Meantime, in a 1980 Supreme Court decision, the justices ruled in a narrowly split decision that while women may have a right to an abortion in the first trimester of their pregnancy, poor women do not have a constitutional right to receive Medicaid funding for it. (Medicaid is a program of federal and state payment for medical services for the poor). Since that time, state supreme courts in Massachusetts, New Jersey, Michigan and California have held that state Medicaid funds may indeed compensate a poor women's cost of an abortion.

Another area of privacy has to do with sexual relationships. In Bowers vs. Hardwick in 1986, for example, the Supreme Court held as constitutional a Georgia law prohibiting certain illicit sex acts, in this case sodomy, between two consenting adults. A police officer had a warrant to arrest Michael Hardwick on a charge of drinking in public and was told to look in his room for him. Entering Mr. Hardwick's room, he found him in bed with another man.

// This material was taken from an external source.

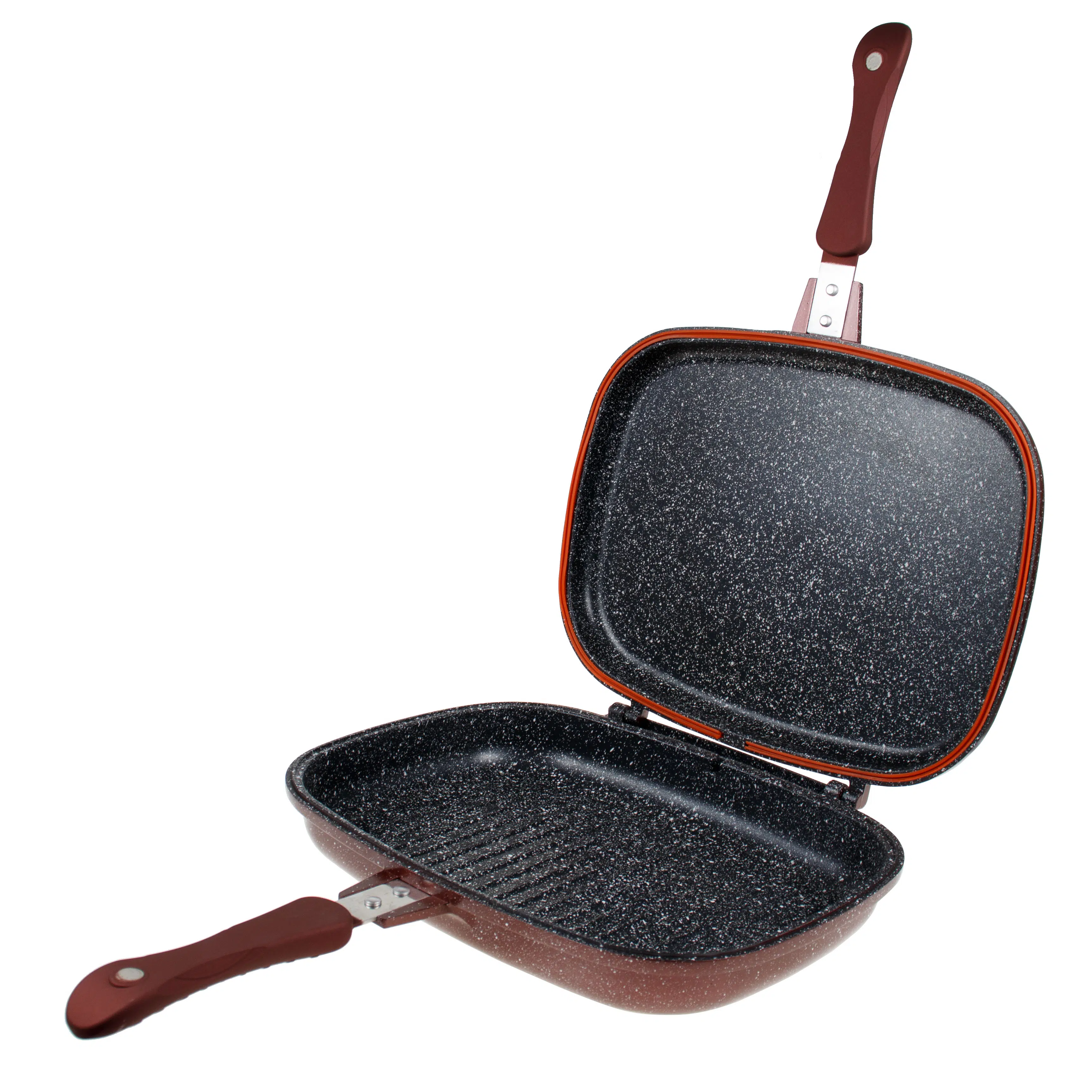 Partea cu striatii este potrivita pentru gratare in timp ce partea plata este destinata prepararii carnii de peste, pui, carne rosie.

Since that time, several state supreme courts (notably those in ,, New York, Pennsylvania, Kentucky, Texas, and Michigan) have overturned similar laws in their states, citing their own state constitutions as upholding the right of consenting adults to engage in these activities.

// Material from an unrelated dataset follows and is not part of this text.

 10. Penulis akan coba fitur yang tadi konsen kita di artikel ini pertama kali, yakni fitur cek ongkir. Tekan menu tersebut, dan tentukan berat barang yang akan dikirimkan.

Privacy is not the only arena for active state action overriding the reach of the Supreme Court's narrowing of rights and liberties. The eighth amendment, for example, prohibits punishments which are cruel and unusual. In 1989, the Supreme Court upheld the verdict of death in the case of Johnny Penry, an adult, who was found guilty of a capital murder. Mr. Penry had the mental capacity of a six and a half year old. This case in effect said that mentally retarded adults could be condemned to death if convicted of capital crimes.

The Georgia supreme court ruled later that year that the execution of mentally retarded individuals violated the constitution of that state.

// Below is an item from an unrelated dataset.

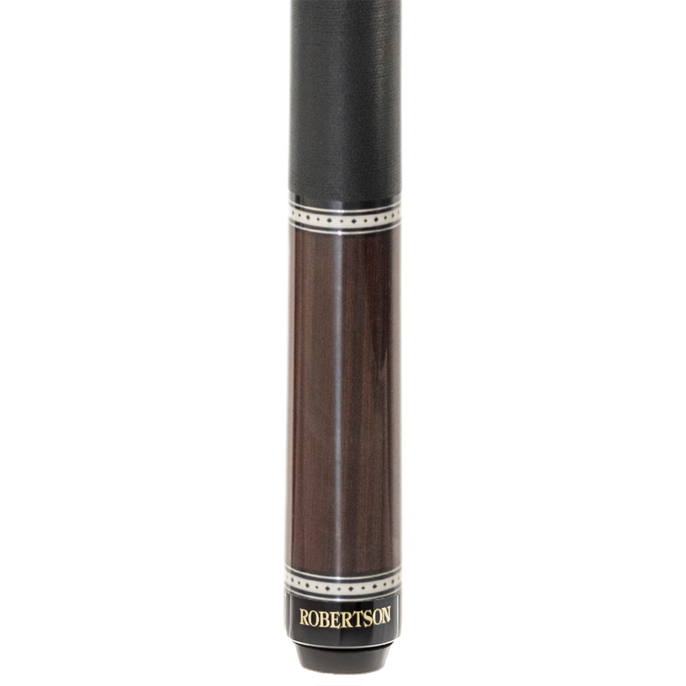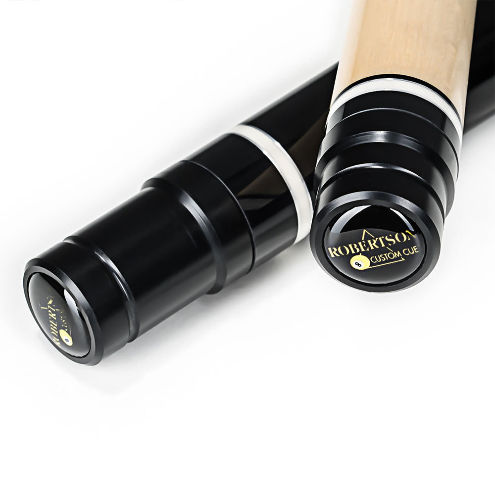 Neben den Ebenholzfarbigen Spitzen oberhalb vom Griff bestechen die auffälligen weiss-schwarzen Zierringe im Unterteil sowie passend dazu am schwarzen Joint. Verbunden wird das Oberteil durch einen sicheren 3/8-6 Quick Lock Steel-Gewinde. Neben dem optischen Highlight garantiert der Robertson Queue auch Top-Spielqualität und erfüllt alle Voraussetzungen für erfolgreiches Spielen auf höchstem Niveau. Ausgeliefert wird der jeder Queue mit einem Original Robertson Gewindeschutz.

The same trend may be found in state supreme court rulings in other areas of criminal law. For example, in 1984 in United States vs. Leon, the court established for the first time the "good faith" exception to the exclusionary rule, a judge-made rule barring from trial certain evidence obtained either without a search warrant or when the warrant was issued without the fourth amendment's required "probable cause."

North Carolina's courts rejected this view and instead refuse to consider evidence found during a search where the warrant is defective.

Presidents Reagan and Bush promised that if elected, they would nominate to the federal judiciary and the Supreme Court those whose record promised a narrow, law-and-order reading of the Constitution. For the past ten years, the complexion of the courts has changed to reflect this change.

Well over half of the federal judiciary, for example, consists of Reagan or Bush-appointed judges, and of the Supreme Court's nine members, six are Reagan or Bush nominees, including the current Chief Justice William H. Rehnquist who had originally served as an associate justice. The others successfully nominated to the court over the past 10 years are Sandra Day O'Connor, Antonin Scalia, Anthony M. Kennedy, David Souter and Clarence Thomas.

The federal judiciary is now more conservative than it has been in 50 years. Perhaps former Justice Brennan was right when he wrote in 1977 that "state constitutions too, are, a font of individual liberties, their protections often extending beyond those required by the Supreme Court's interpretation of federal law."

As a result, civil libertarians and civil rights activists now look more seriously than ever before to state legislatures and state supreme courts to protect the civil rights and individual liberties of the American people.

Jack Fruchtman Jr. directs the prelaw program and teaches politics at Towson State University.